If the LLM fails to give us valid JSON, the JsonProcessor generates a :user message reporting the issue for the LLM. The :until_success mode will repeatedly make the round-trip requests to the LLM, giving it an opportunity to fix it. But don't worry, it won't run forever! The LLMChain's max_retry_count gives up after X failures, the default being 3.

Here's a sample of what was generated when I ran it:

%{
  "alt" => "Colorful mural of a face under a bridge at 507 King St E",
  "caption" => "A captivating face mural under the 507 King St E underpass, featuring vivid hues and expressive eyes. The art adds a pop of color to the urban landscape, drawing the attention of pedestrians as they pass by."
}

This demonstrates how adding context to an image description request can really become immediately useful. The same system prompt and message template can be used for the whole set of images and generate high quality descriptive text for images.

Will it be as good as a human? No, honestly it may not be. However, it can be done much faster, automated and performed on more images than a human could do. In many instances, that means we get good, context aware ALT text where we may otherwise have none because we don't have the people nor the time to manually create it.

The result is our visual content is more accessible to people using assistive technology like a screen reader.

Anthropic (BONUS)

While we're all setup for it, if you have an Anthropic API key, then we'll submit the same request to Anthropic and see how that compares.

NOTE: You must provide your own ANTHROPIC_API_KEY in the Livebook secrets to do this.

Application.put_env(:langchain, :anthropic_key, System.fetch_env!("LB_ANTHROPIC_API_KEY"))

Let's setup our Anthropic chat model.

NOTE: Keep in mind that different versions of Claude will give different results. You can play with that to find a good cost/accuracy for your specific need.

alias LangChain.ChatModels.ChatAnthropic

anthropic_chat_model = ChatAnthropic.new!(%{model: "claude-3-opus-20240229"})

Now we run the same messages through an identical LLMChain but passing in the Anthropic chat model.

alias LangChain.Chains.LLMChain
alias LangChain.MessageProcessors.JsonProcessor

# This data comes from an external data source per image.
# When we `apply_prompt_templates` below, the data is rendered into the template.
image_data_from_other_system = "image of urban art mural on underpass at 507 King St E"

{:ok, _updated_chain, response} =
  %{llm: anthropic_chat_model, verbose: true}
  |> LLMChain.new!()
  |> LLMChain.apply_prompt_templates(messages, %{extra_image_info: image_data_from_other_system})
  |> LLMChain.message_processors([JsonProcessor.new!()])
  |> LLMChain.run(mode: :until_success)

response.processed_content

Nice! The Elixir LangChain library abstracted away the differences between the two services. With no code changes, we can make a similar request about the image from Anthropic's Claude LLM as well!

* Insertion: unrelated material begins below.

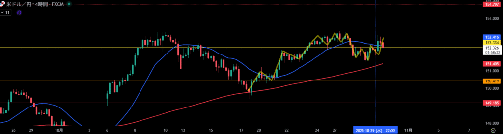 米国時間に、4時間足押し目買いを検討するが移動平均線が下向きなので乗っかった確認を待ちたい。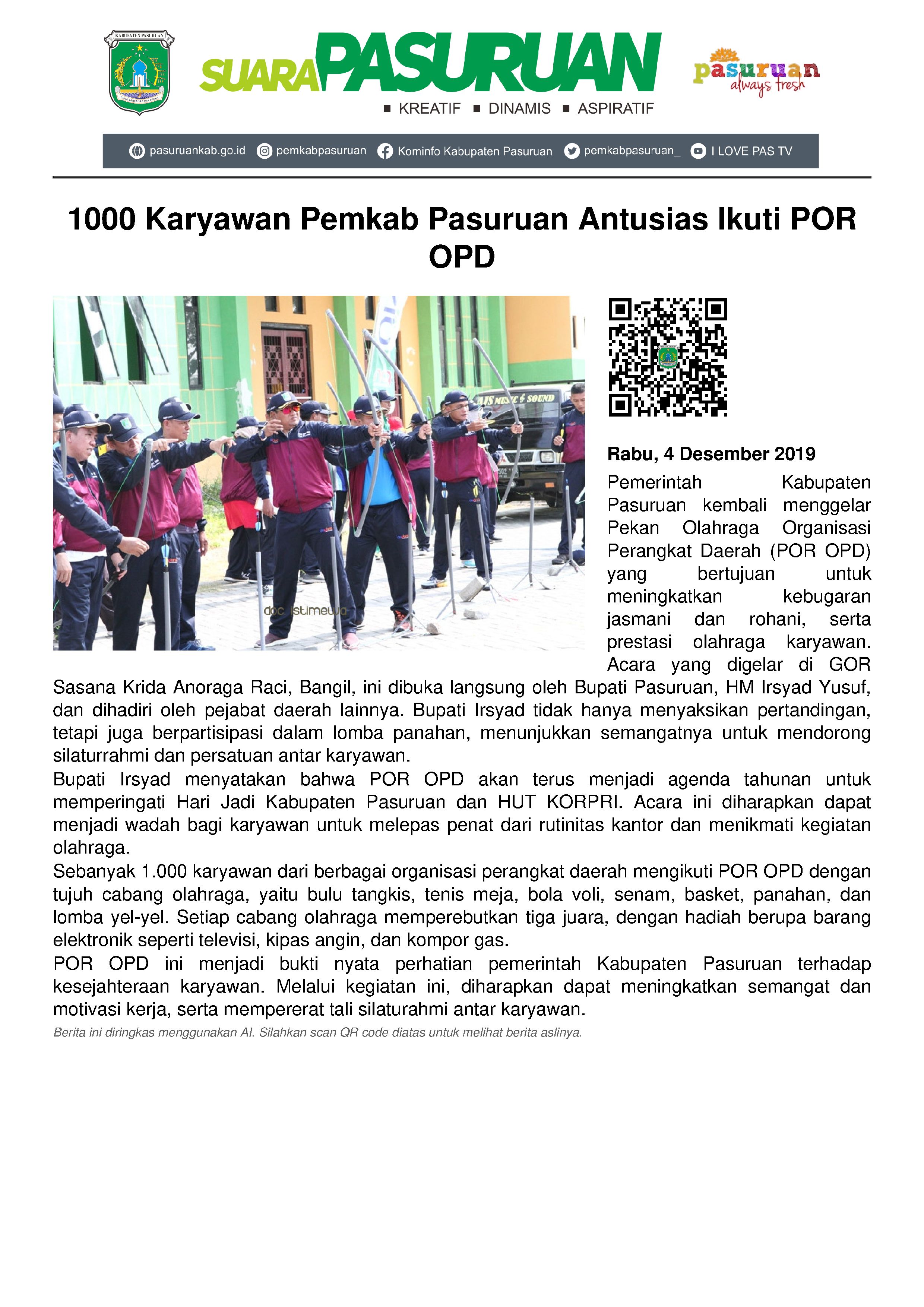 POR OPD tersebut dilaksanakan di GOR Sasana Krida Anoraga Raci, Bangil, Rabu (04/12/2019) pagi, dan dibuka langsung oleh Bupati Pasuruan, HM Irsyad Yusuf. Selain Irsyad, pembukaan acara tersebut juga dihadiri Wakil Bupati Pasuruan, KH Abdul Mujib Imron; Dandim 0819 Pasuruan, Letkol Arh Burhan Fadjari Arfian, dan undangan lainnya.

Here's what I got from it:

%{
  "alt" => "Colorful street art mural with a face in vibrant colors on an underpass pillar in an urban setting.",
  "caption" => "A striking urban art mural adorns an underpass pillar at 507 King St E. The artwork features a mesmerizing face composed of vivid, rainbow-like hues and intricate patterns. Framed by the industrial yellow beams above, the mural transforms the concrete structure into a captivating focal point for passersby."
}

We would want to run multiple tests on a small sampling of images and tweak our prompt until we are happy with the result. Then, we can process full batch and save our work as a template for future projects as well.